Regex will usually parsed in python using the re module (but we will also use glob), and will create Match objects. These Match objects contain each match for the pattern you define. There are lots of different ways to use regex, but we will use 2 ways, globbing and capture groups.

Capture groups is essentially the idea that we define a set of “groups”, and for each Match in the pattern there will be “groups” of text matched. For example we might read the first line of a HTTP request we will want different groups for the method, slug and http version. To create groups you put a sub-expression into parenthesis. For example to capture a single letter, and a single digit into separate groups you do ([A-z])(\d). This will find any letter then digit, so for example with the string "a1,b5,dt,r7" would have 3 matches a1, b5 and r7 each with 2 groups:

  • a1: Group 1 is a, group 2 is 1
  • b5: Group 1 is b, group 2 is 5
  • r7: Group 1 is r, group 2 is 7

We will cover globbing in the next section, it is a bit easier to do and is used to get a list of files.There is not enough time to cover regex fully, but for each set of regex we will use there will be an image explaining each portion of the expression. You can check the more resources section for a general introduction to regex thatgoes into more details.

Why?

Regex is great for more complex patterns you need to locate. There are a few cases, but I want to give a comparisson to an alternative first. Iterative searching is where you go line-by-line and create some code that looks for your pattern manually. For example below we have the iterative code for collecting just the words that come before “apple” in a sentence

test_input = """blah blah apple blah blah
blah, blah blah blah apple apple
blah apple
apple
blah blah blah blah
"""

def get_words_before_apple(text:str) -> str:
    result = []
    for line in test_input.split("\n"):
        if "apple" in line:
            start = line.index("apple")
            result.append(line[:start:]) # Cutt off at start of apple
        else:
            result.append(line)
    return "\n".join(result)

get_words_before_apple(test_input)

2 points about this code:

  1. There are a ton of whitespace bugs, along with other logical errors
  2. A regular expression would be much smaller, and likely easier to understand (^(.*)apple.*)

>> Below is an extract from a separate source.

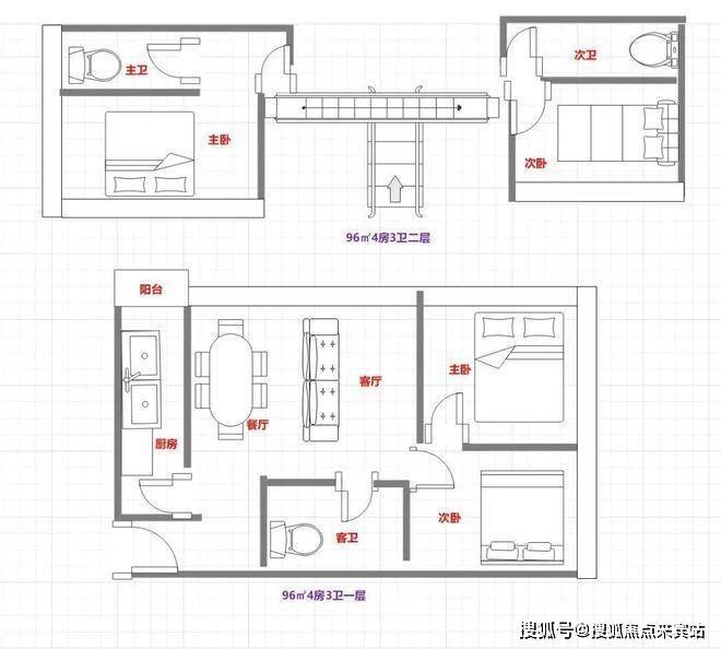 96㎡4房3卫

That being said keep in mind that pattern matching in general is not always super simple (writeup on this case, another relevant article), and most of the code, and regex you see initially had bugs when I wrote it. Any pattern matching is a great time to write tests, because trying to find ways to break your patterns leads you to improving them!

Regex

ProsCons
Universal accross languagesUsed in tons of applications beyond just in programming languages (file+folder organization, searching etc.)
Syntax stays the same, so other people can help debug if they’re familiar with itlarge learning curve initially
It is often faster than the iterative approach because the language will optimize the module/package for regexThe more clever the pattern, usually the more difficult it is to understand
There are tons of tools to help you write regexYou often need tools to understand a regex pattern

When to use

You can use regex whenever, but the ideal situation is when you have complex patterns that would take a lot of effort to implement with itterative approaches. For example only the uppercase letters that occur between the worlds apple and strawberry ^.*apple(.*)strawberry.*$.

Additionally it can be used for more than just pattern matching in programs, regex can be a useful skill to learn for:

  • Searching with grep
  • Organizing files + folders
  • Searching & replacing in text editing applications (like vs code)

Iterative Approach

ProsCons
No special pattern-matching language knowledge requiredOften slower than regex because regex modules are often highly optimized
For super simple patterns it’s often easier to reason aboutComplex patterns become very hard to reason about often

This works fine in python, but in lots of other languages you tend to itterate per letter. Regardless of which you choose to go with in your code I will cover options for both in the rest of the article.

Getting file lists

There are two more attributes we have added to the Server class, file_list and urls. file_list is a list of all the paths of files in Server.proxy_directory, and URL’s are going to be the URL’s that correspond to each file. The code for this can be found in Server.__post_init__(), and in this section we will describe how we generate Server.file_list.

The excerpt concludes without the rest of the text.